The ability to represent in-document actions that are drive both by touch interactions as well as keyboard shortcuts (e.g. ctl-b for bold)
Assistant-driven hotword and action integration
A way to surface "long-press" and jumplist menu options
Runtime enabling/disabling of actions based on focus
Through the same basic interface, a way to allow a11y tools to drive applications

Non-goals

It is not a goal to:

Actions for non-PWA content
Faithfully absract over all existing conversational APIs
Manage application authentication or authorization
Handle localization in-format; we expect developers to serve alternative manifest files per locale or language

Key scenarios

PWA Menus & Keyboard Accelerators

Desktop PWAs are currently missing a way to provide system-integrated menus and keyboard accelerators. To improve this situation, we propose extensions to the Web App Manifest that all PWAs much include. As a refresher, web pages that wish to be installed must like to a manifest in the <head> of their documents, like this:

<link rel="manifest" href="https://github.com/slightlyoff/declarative_web_actions/blob/master/manifest.json">

Manifests must include a few properties to be treated as installable, e.g.:

{
  "name": "Frobulator Deluxe",
  "short_name": "Frobulator",
  "icons": [
     {
      "src": "/app/images/icons-512.png",
      "type": "image/png",
      "sizes": "512x512"
    }
  ],
  "start_url": "/app/?source=pwa",
  "background_color": "#3367D6",
  "display": "standalone",
  "scope": "/app/",
  "theme_color": "#3367D6",
  ...
}

To implement menuing, we add an actions section:

{
  "name": "Frobulator Deluxe",
  "short_name": "Frobulator",

  ...

  "actions": [
    {
      "name": "Start",
      "action": "/app/start",
    }
  ],
}

Each item, by default, invokes a navigation (HTTP GET) to the listed location in the action field. This may not be desireable, and so an event is dispatched within open documents in the PWA whose default behavior can be prevented:

window.addEventListener("action", (e) => {
  // Handle the interaction locally, do not navigate:
  e.preventDefault();
  // ...
  console.log(e.name);
  console.log(e.action);
  console.log(e.formData); // empty
});

Applications frequently want to map actions to user actions in a more generic way. Keyboard accelerators and menu options are mutliple routes for accessing the same functions, however they admit some per-platform diversity. Here's a sketch for how we might enable the same action to be accessible in both places.

{
  "name": "Frobulator Deluxe",
  "short_name": "Frobulator",

  ...

  "actions": [
    {
      "name": "Start",
      "action": "/app/start",
      "method": "GET",

      "keys": {
        "default": { // Shift-Ctrl-S
          "code": "S",
          "ctrlKey": true,
          "shiftKey": true, 
        },
        "macos": {   // Command-S on MacOS
          "code": "S",
          "metaKey": true,
        }
      }
    }
  ],
}

TODO(slightlyoff): describe HTTP response code semantics for success failure

TODO(slightlyoff): outline a DOM API for enabling/disabling items as well as an id concept.

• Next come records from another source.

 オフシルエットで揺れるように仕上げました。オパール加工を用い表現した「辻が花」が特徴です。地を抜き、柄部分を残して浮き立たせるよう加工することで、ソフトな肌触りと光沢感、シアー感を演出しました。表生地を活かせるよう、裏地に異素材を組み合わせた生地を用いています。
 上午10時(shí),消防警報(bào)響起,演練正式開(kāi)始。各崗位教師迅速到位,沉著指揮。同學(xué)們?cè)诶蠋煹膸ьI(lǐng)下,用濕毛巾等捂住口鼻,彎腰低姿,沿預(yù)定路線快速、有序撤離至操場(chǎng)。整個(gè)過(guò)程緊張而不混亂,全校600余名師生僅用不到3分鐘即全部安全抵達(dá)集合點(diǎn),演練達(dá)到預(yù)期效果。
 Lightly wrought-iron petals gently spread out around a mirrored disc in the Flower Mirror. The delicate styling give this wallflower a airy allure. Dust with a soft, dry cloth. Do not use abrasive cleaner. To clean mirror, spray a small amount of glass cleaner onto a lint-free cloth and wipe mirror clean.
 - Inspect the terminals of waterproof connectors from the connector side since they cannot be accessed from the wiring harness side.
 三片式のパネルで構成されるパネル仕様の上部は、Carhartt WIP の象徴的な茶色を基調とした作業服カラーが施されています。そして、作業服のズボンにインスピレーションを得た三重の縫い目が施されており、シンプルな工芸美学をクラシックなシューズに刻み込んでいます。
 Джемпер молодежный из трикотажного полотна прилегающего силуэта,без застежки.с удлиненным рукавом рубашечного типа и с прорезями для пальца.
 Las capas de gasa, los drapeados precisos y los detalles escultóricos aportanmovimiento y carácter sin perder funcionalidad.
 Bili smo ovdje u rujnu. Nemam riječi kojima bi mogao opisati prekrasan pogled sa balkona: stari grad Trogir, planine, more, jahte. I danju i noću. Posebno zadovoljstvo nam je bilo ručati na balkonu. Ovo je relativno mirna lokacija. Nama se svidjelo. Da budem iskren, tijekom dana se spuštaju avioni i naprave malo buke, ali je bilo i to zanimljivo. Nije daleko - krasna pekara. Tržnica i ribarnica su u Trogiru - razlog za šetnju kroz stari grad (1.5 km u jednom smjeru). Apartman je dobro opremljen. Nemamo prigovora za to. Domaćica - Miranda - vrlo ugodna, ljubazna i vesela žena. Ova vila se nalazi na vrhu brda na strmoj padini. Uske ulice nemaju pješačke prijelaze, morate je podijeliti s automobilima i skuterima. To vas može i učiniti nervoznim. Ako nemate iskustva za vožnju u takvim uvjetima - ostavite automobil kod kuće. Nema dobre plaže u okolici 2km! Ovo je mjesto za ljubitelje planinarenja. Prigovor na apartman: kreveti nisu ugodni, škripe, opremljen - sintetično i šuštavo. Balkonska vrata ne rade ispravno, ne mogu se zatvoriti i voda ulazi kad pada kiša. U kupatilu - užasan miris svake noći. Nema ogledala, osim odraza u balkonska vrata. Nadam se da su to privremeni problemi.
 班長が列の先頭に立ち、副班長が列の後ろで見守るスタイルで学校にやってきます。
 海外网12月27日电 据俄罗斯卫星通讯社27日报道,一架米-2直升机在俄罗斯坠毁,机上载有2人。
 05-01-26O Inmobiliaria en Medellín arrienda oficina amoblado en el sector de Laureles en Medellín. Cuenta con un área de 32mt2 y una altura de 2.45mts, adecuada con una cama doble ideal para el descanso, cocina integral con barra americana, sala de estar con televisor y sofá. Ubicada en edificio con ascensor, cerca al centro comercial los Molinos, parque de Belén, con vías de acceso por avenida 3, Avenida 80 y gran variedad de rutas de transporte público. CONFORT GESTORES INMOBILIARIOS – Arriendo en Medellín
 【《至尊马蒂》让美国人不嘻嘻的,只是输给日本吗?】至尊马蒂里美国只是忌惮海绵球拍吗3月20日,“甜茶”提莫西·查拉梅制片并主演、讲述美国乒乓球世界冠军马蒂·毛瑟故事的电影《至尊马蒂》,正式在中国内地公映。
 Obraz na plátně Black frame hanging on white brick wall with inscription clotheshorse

OPEN ISSUE: the reification of these canned menus into DOM <menu>s seems, in some ways, obvious. Should they simply be exposed as DOM hanging off of <head> or document.documentElement in some way?

OPEN ISSUE: global keyboard handling (OS-registered shortcuts that cause an app to be launched even if it's not already running) are not described here as their priority is unclear. Need feedback to understand the importance.

External Assistants

Most of today's voice-driven assistants are, conceptually, form-filler-outers. They are invoked by hotwords and lean on canned sentence structures to fill in the gaps when the required variables aren't provided.

Supporting this style of operation as well as more complex, free-form interaction is a goal of this proposal. To do this, we extend the HTTP-equivalent actions (in the style of Web Share Target) to include POST operations and build in type-awareness based on Schema.org's vocabulary of extended type hints. There are many open questions as to how these will interoperate.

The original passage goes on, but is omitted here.